### MATERIAL FOR THIS EXERCISE

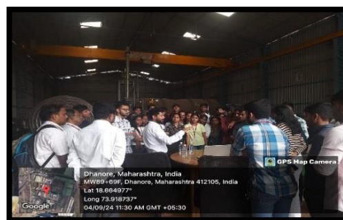
Manager Explains Lactic Acid Plant
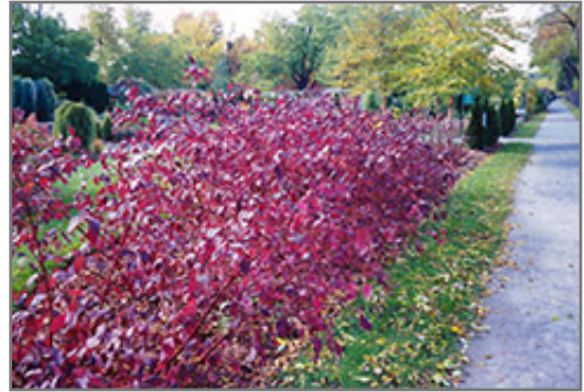
Siberian Pearls Dogwood in fall

Siberian Pearls Dogwood will grow to be about 8 feet tall at maturity, with a spread of 7 feet. It tends to fill out right to the ground and therefore doesn't necessarily require facer plants in front, and is suitable for planting under power lines. It grows at a fast rate, and under ideal conditions can be expected to live for approximately 20 years.
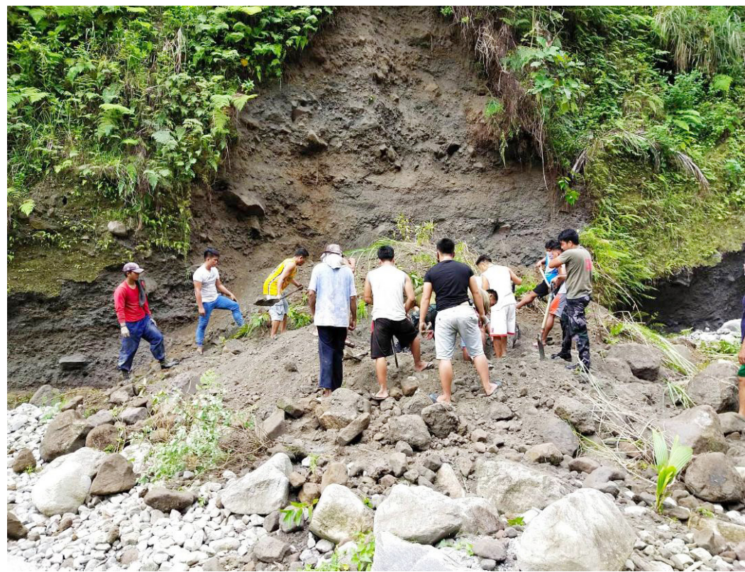
A landslide incident in Barangay Canlawis, Pintuyan, Southern Leyte resulted to the death of three men last July 31.

When police arrived at the scene, some people from the community, roughly half a kilometer distance, were already digging with the use of shovel
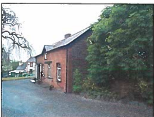
Plate 2 Millbrook coach house 44955, looking north
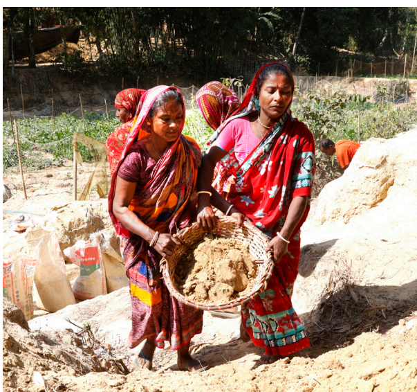
Community road rehabilitation
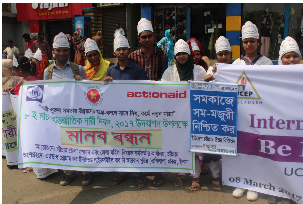
YPSA team member participation in the Human Chain at 5th March, Probortok Circle, Chittagong

'Be Bold for Change' with the theme of year 2017 YPSA observed the International Women's Day and committed to support women and girls from grassroots level to achieve their ambitions, facilitate them to cope with challenges, conscious and unconscious bias. YPSA always try to maintain the gender-balanced leadership in its all premises including grassroots level also and value women and men's contributions equally.
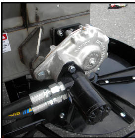
6:1 Hydraulic Drive Gearbox
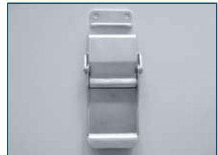
Catch 400 132 Steel, zined
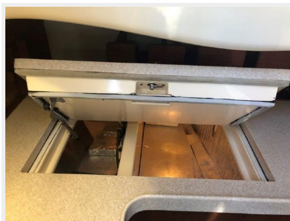
Refrigerator and freezer
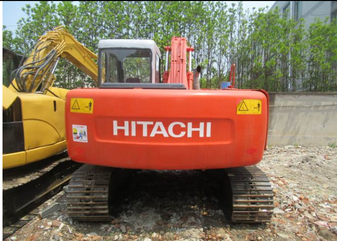
1 Excavator view
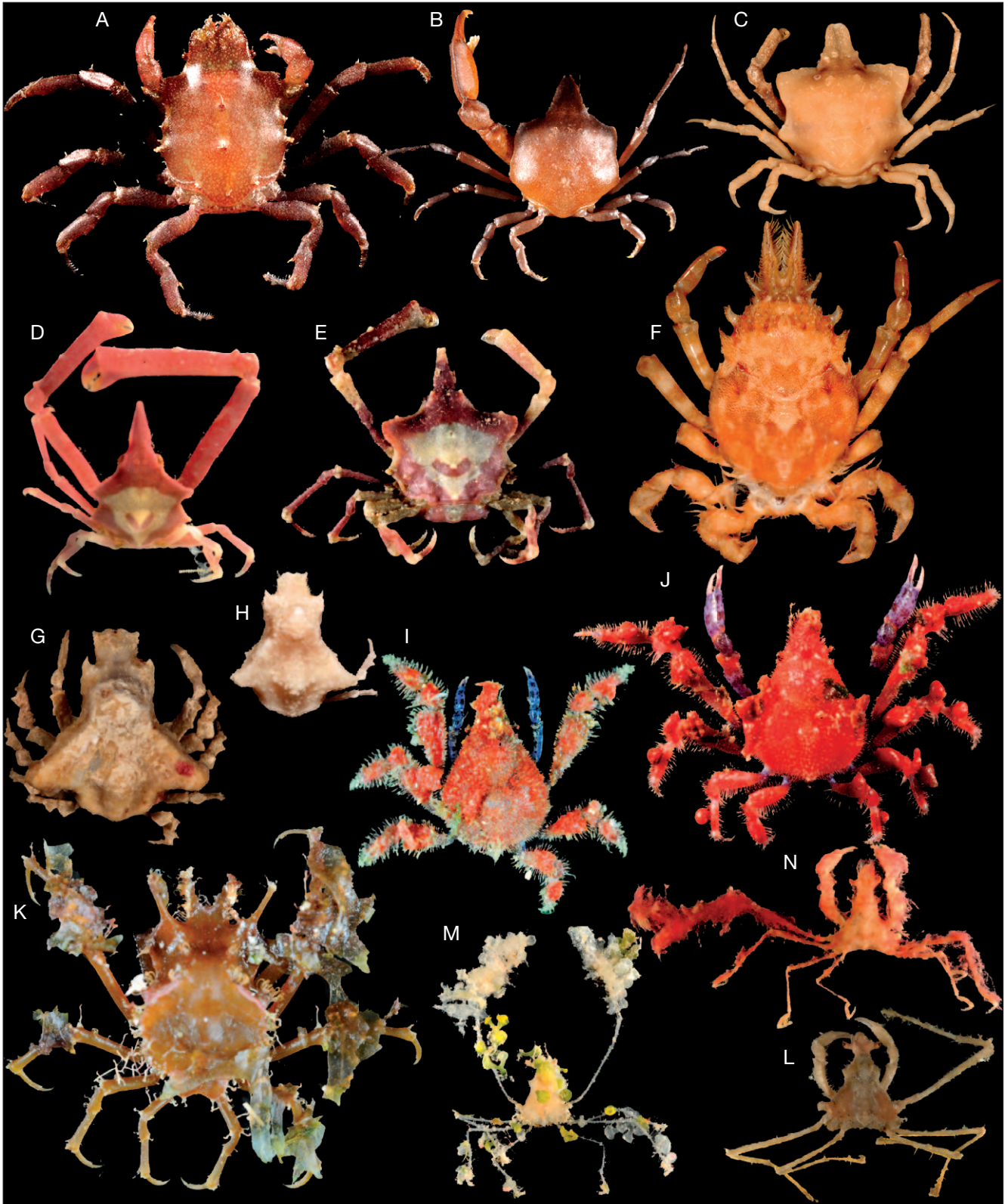
FIG. 2. — Epialtinae MacLeay, 1838: A , Acanthonyx petiverii H. Milne Edwards, 1834, 1 ♂ MNHN-IU-2013-5911, st. GM07, 1 m; B , Epialtus bituberculatus H. Milne Edwards, 1834, 1 ♂ MNHN-IU-2013-5924, st. GM09, 1 m; C , Epialtus dilatatus A. Milne-Edwards, 1878, 1 ♀ with Sacculina 15.0 × 12.4 mm MNHN-IU-2013-6615, st. GM11, 1 m; D , Epialtus longirostris Stimpson, 1860, 1 sp. MNHN-IU-2013-5967, st. GR12, 21 m; E , Epialtus portoricensis Rathbun, 1923, 1 ♀ MNHN-IU-2013-4207, st. GR14, 27 m. Pisinae Dana, 1851: F , Chorinus heros (Herbst, 1790), 1 ♂ MNHN-IU-2013-6783, st. GM22, 1 m; G , Microliassa bicarinata (Aurivillius, 1889), 1 ♂, MNHN-IU-2013-4446 (lot JL1425-5), st. GB32, 4 m; H , Microliassa brasiliensis (Rathbun, 1924), 1 ♀ MNHN-IU-2013-13093, st. GD69, 60 m; I , Pelia mutica (Gibbes, 1850), 1 ♀ ov. MNHN-IU-2013-5663, st. GB36, 16 m; J , Pelia rotunda A. Milne-Edwards, 1875, 1 ♂ MNHN-IU-2013-4876, st. GR11, 13 m. Tychinae Dana, 1851: K , Tyche emarginata White, 1847, 1 ♂ MNHN-IU-2013-4614, st. GS39, 16 m. Inachidae MacLeay, 1838. L , Coryrhynchus algicola Stebbing, 1914, 1 ♂ MNHN-IU-2013-4066, st. GR27, 8 m; M , Coryrhynchus riisei (Stimpson, 1860), 1 ♀ juv. MNHN-IU-2013-5917, st. GR29, 20 m; N , Coryrhynchus sidneyi (Rathbun, 1924) 1 ♂ MNHN-IU-2013-5968, st. GR12, 21 m.
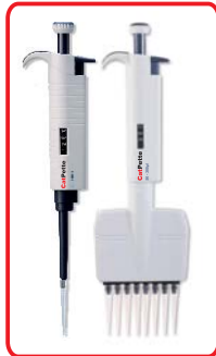
Non-Autoclavable Adjustable Pipette
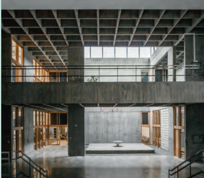
Faculty of Architecture Building Middle East Technical University Altuğ and Behruz Çinici Ankara, Turkey 1963
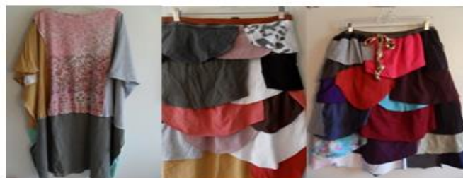
Figure 1: Cardigan

As mentioned in the fashion blog by Erica (2016) known as “fashion recycled”, which puts used apparels on auctions to be sold to charity shops, car boot sales, garage stores, thrifts stores and vintage store. This blog was developed as a way to network the whole world and provide information regarding recycling fashion, fashion styles, fashion ethics, shopping at second-hand shops and more. Figure 1, 2 and 3 illustrates designer Creolesha designing apparels from recycled apparels such as different types of arms being cut and combined together as skirts.
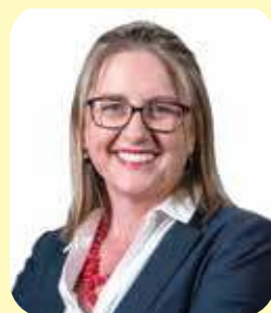
Hon. Jacinta Allan MP

I'd like to send my very best wishes to everyone taking part in the African Music and Cultural Festival. Victoria's proud African communities enrich our state so much, and the Festival is an opportunity to come together to celebrate and showcase the cultural heritage of all 54 African countries. Now in its tenth year, the African Music and Cultural Festival has a diverse and exciting program of live entertainment, cultural performances, and amazing food. Victoria is proud of our diversity and the events and festivals which foster cultural understanding and community connection. None of this would be possible without the hard-working community and cultural organisations who make the festival bigger and better, year after year. Our Government is proud to support the African Music and Cultural Festival, and thank you for all that you do.
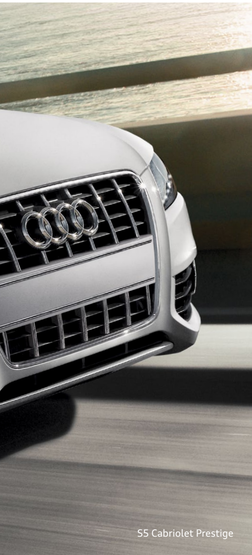
S5 Cabriolet Prestige
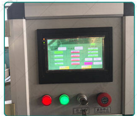
Detail of Tenebrio Mealworm Insect Microwave Drying Sterilization Machine
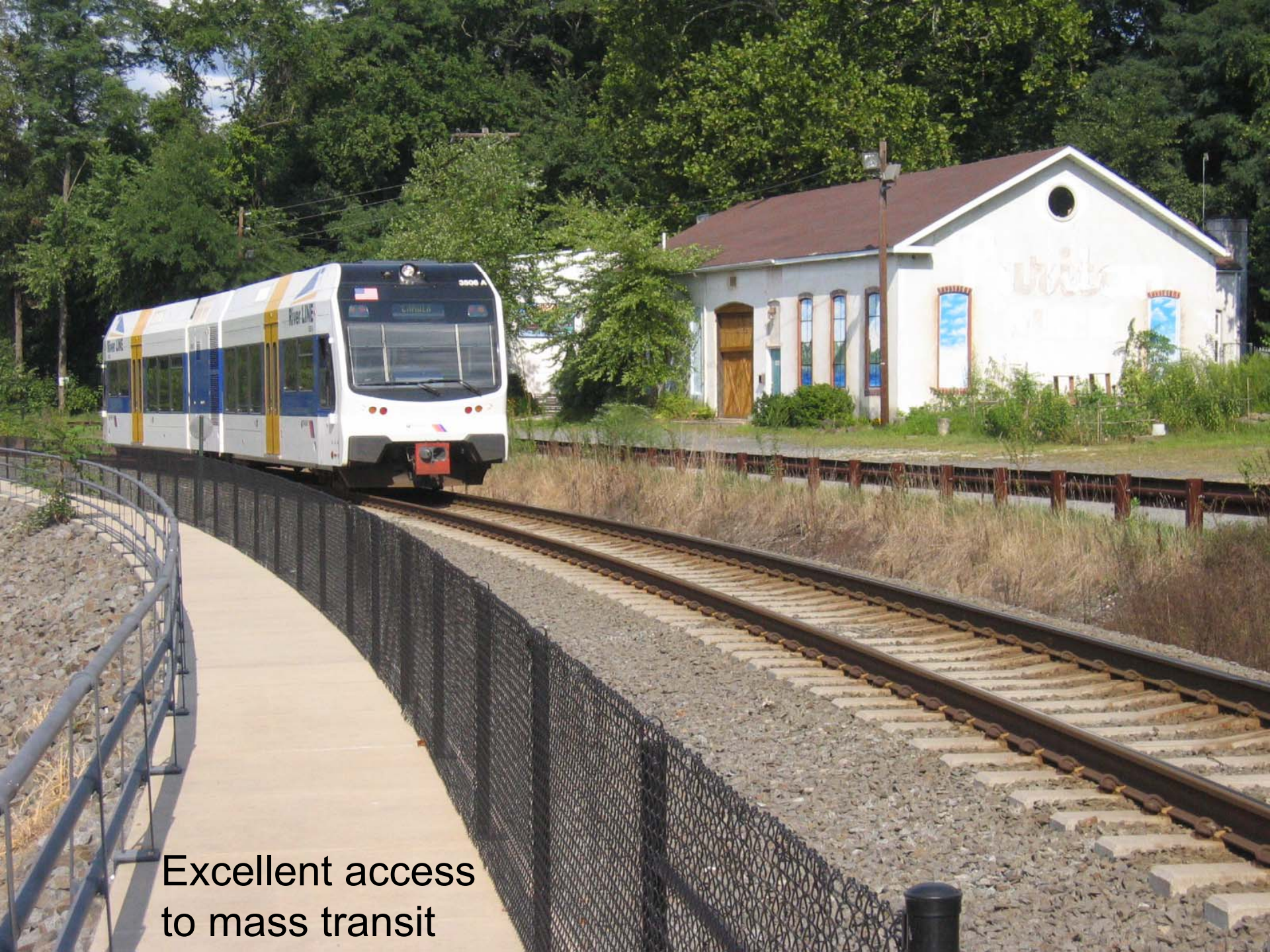
Excellent access to mass transit
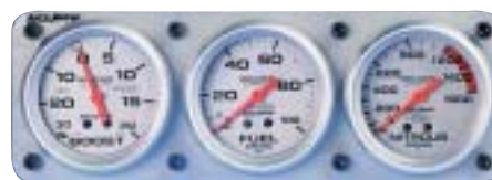
Gauge Cage (shown in silver)
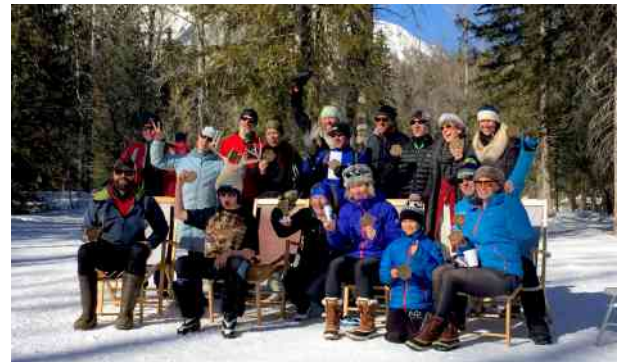
Left: Participants in the Fernie Birkie Right: Several of the participants in the Fernie Birkie
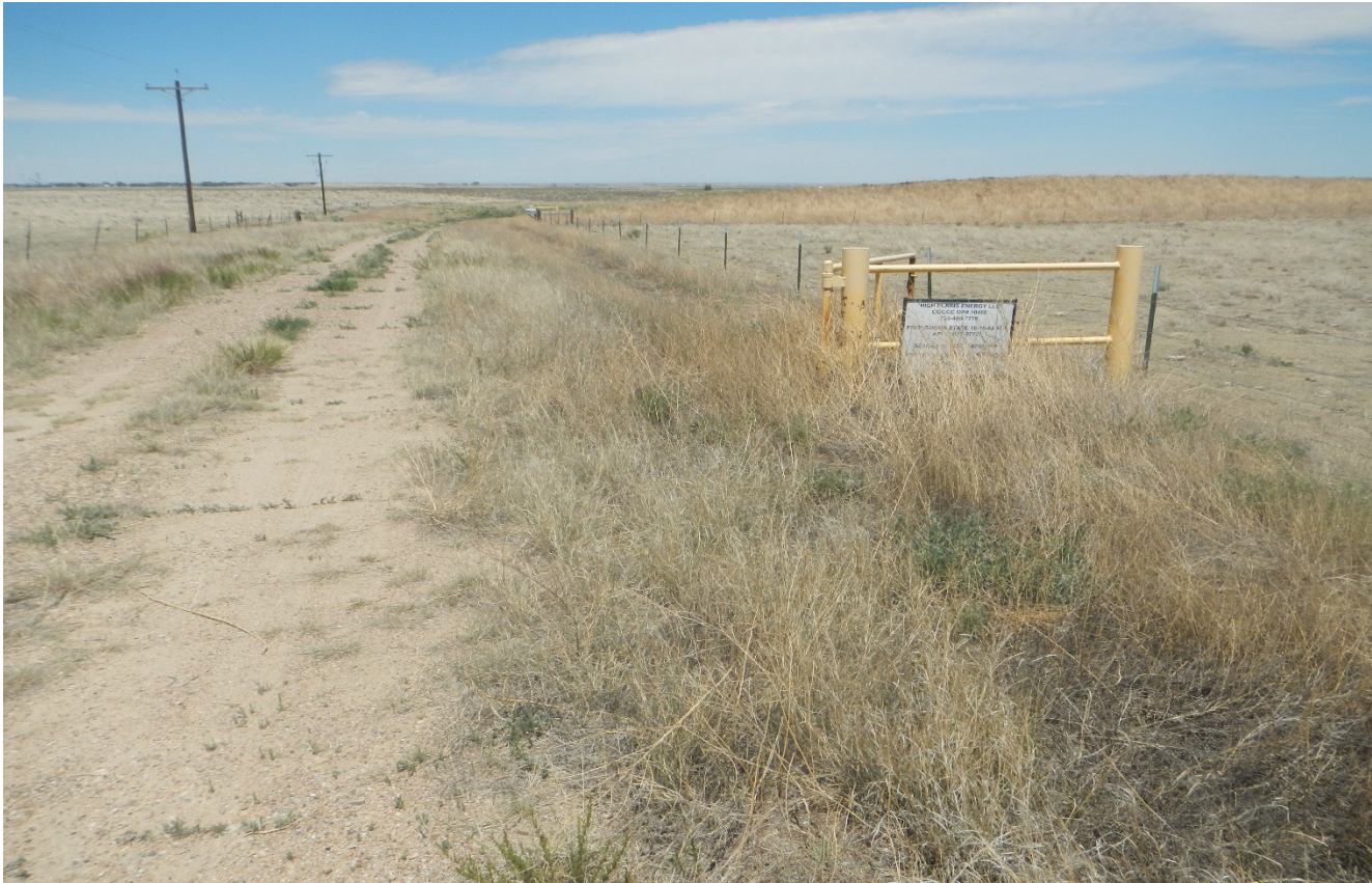
Photo 1. Facing north along the access road toward the location. Location sign is posted next to access road.

### PROBLEM TO WORK ON
Only the text of the records belongs in the answer, printed exactly and without pictures.

### TASK OUTPUT
Manager Explains Lactic Acid Plant
Siberian Pearls Dogwood in fall

Siberian Pearls Dogwood will grow to be about 8 feet tall at maturity, with a spread of 7 feet. It tends to fill out right to the ground and therefore doesn't necessarily require facer plants in front, and is suitable for planting under power lines. It grows at a fast rate, and under ideal conditions can be expected to live for approximately 20 years.
A landslide incident in Barangay Canlawis, Pintuyan, Southern Leyte resulted to the death of three men last July 31.

When police arrived at the scene, some people from the community, roughly half a kilometer distance, were already digging with the use of shovel
Plate 2 Millbrook coach house 44955, looking north
Community road rehabilitation
YPSA team member participation in the Human Chain at 5th March, Probortok Circle, Chittagong

'Be Bold for Change' with the theme of year 2017 YPSA observed the International Women's Day and committed to support women and girls from grassroots level to achieve their ambitions, facilitate them to cope with challenges, conscious and unconscious bias. YPSA always try to maintain the gender-balanced leadership in its all premises including grassroots level also and value women and men's contributions equally.
6:1 Hydraulic Drive Gearbox
Catch 400 132 Steel, zined
Refrigerator and freezer
1 Excavator view
FIG. 2. — Epialtinae MacLeay, 1838: A , Acanthonyx petiverii H. Milne Edwards, 1834, 1 ♂ MNHN-IU-2013-5911, st. GM07, 1 m; B , Epialtus bituberculatus H. Milne Edwards, 1834, 1 ♂ MNHN-IU-2013-5924, st. GM09, 1 m; C , Epialtus dilatatus A. Milne-Edwards, 1878, 1 ♀ with Sacculina 15.0 × 12.4 mm MNHN-IU-2013-6615, st. GM11, 1 m; D , Epialtus longirostris Stimpson, 1860, 1 sp. MNHN-IU-2013-5967, st. GR12, 21 m; E , Epialtus portoricensis Rathbun, 1923, 1 ♀ MNHN-IU-2013-4207, st. GR14, 27 m. Pisinae Dana, 1851: F , Chorinus heros (Herbst, 1790), 1 ♂ MNHN-IU-2013-6783, st. GM22, 1 m; G , Microliassa bicarinata (Aurivillius, 1889), 1 ♂, MNHN-IU-2013-4446 (lot JL1425-5), st. GB32, 4 m; H , Microliassa brasiliensis (Rathbun, 1924), 1 ♀ MNHN-IU-2013-13093, st. GD69, 60 m; I , Pelia mutica (Gibbes, 1850), 1 ♀ ov. MNHN-IU-2013-5663, st. GB36, 16 m; J , Pelia rotunda A. Milne-Edwards, 1875, 1 ♂ MNHN-IU-2013-4876, st. GR11, 13 m. Tychinae Dana, 1851: K , Tyche emarginata White, 1847, 1 ♂ MNHN-IU-2013-4614, st. GS39, 16 m. Inachidae MacLeay, 1838. L , Coryrhynchus algicola Stebbing, 1914, 1 ♂ MNHN-IU-2013-4066, st. GR27, 8 m; M , Coryrhynchus riisei (Stimpson, 1860), 1 ♀ juv. MNHN-IU-2013-5917, st. GR29, 20 m; N , Coryrhynchus sidneyi (Rathbun, 1924) 1 ♂ MNHN-IU-2013-5968, st. GR12, 21 m.
Non-Autoclavable Adjustable Pipette
Faculty of Architecture Building Middle East Technical University Altuğ and Behruz Çinici Ankara, Turkey 1963
Figure 1: Cardigan

As mentioned in the fashion blog by Erica (2016) known as “fashion recycled”, which puts used apparels on auctions to be sold to charity shops, car boot sales, garage stores, thrifts stores and vintage store. This blog was developed as a way to network the whole world and provide information regarding recycling fashion, fashion styles, fashion ethics, shopping at second-hand shops and more. Figure 1, 2 and 3 illustrates designer Creolesha designing apparels from recycled apparels such as different types of arms being cut and combined together as skirts.
Hon. Jacinta Allan MP

I'd like to send my very best wishes to everyone taking part in the African Music and Cultural Festival. Victoria's proud African communities enrich our state so much, and the Festival is an opportunity to come together to celebrate and showcase the cultural heritage of all 54 African countries. Now in its tenth year, the African Music and Cultural Festival has a diverse and exciting program of live entertainment, cultural performances, and amazing food. Victoria is proud of our diversity and the events and festivals which foster cultural understanding and community connection. None of this would be possible without the hard-working community and cultural organisations who make the festival bigger and better, year after year. Our Government is proud to support the African Music and Cultural Festival, and thank you for all that you do.
S5 Cabriolet Prestige
Detail of Tenebrio Mealworm Insect Microwave Drying Sterilization Machine
Excellent access to mass transit
Gauge Cage (shown in silver)
Left: Participants in the Fernie Birkie Right: Several of the participants in the Fernie Birkie
Photo 1. Facing north along the access road toward the location. Location sign is posted next to access road.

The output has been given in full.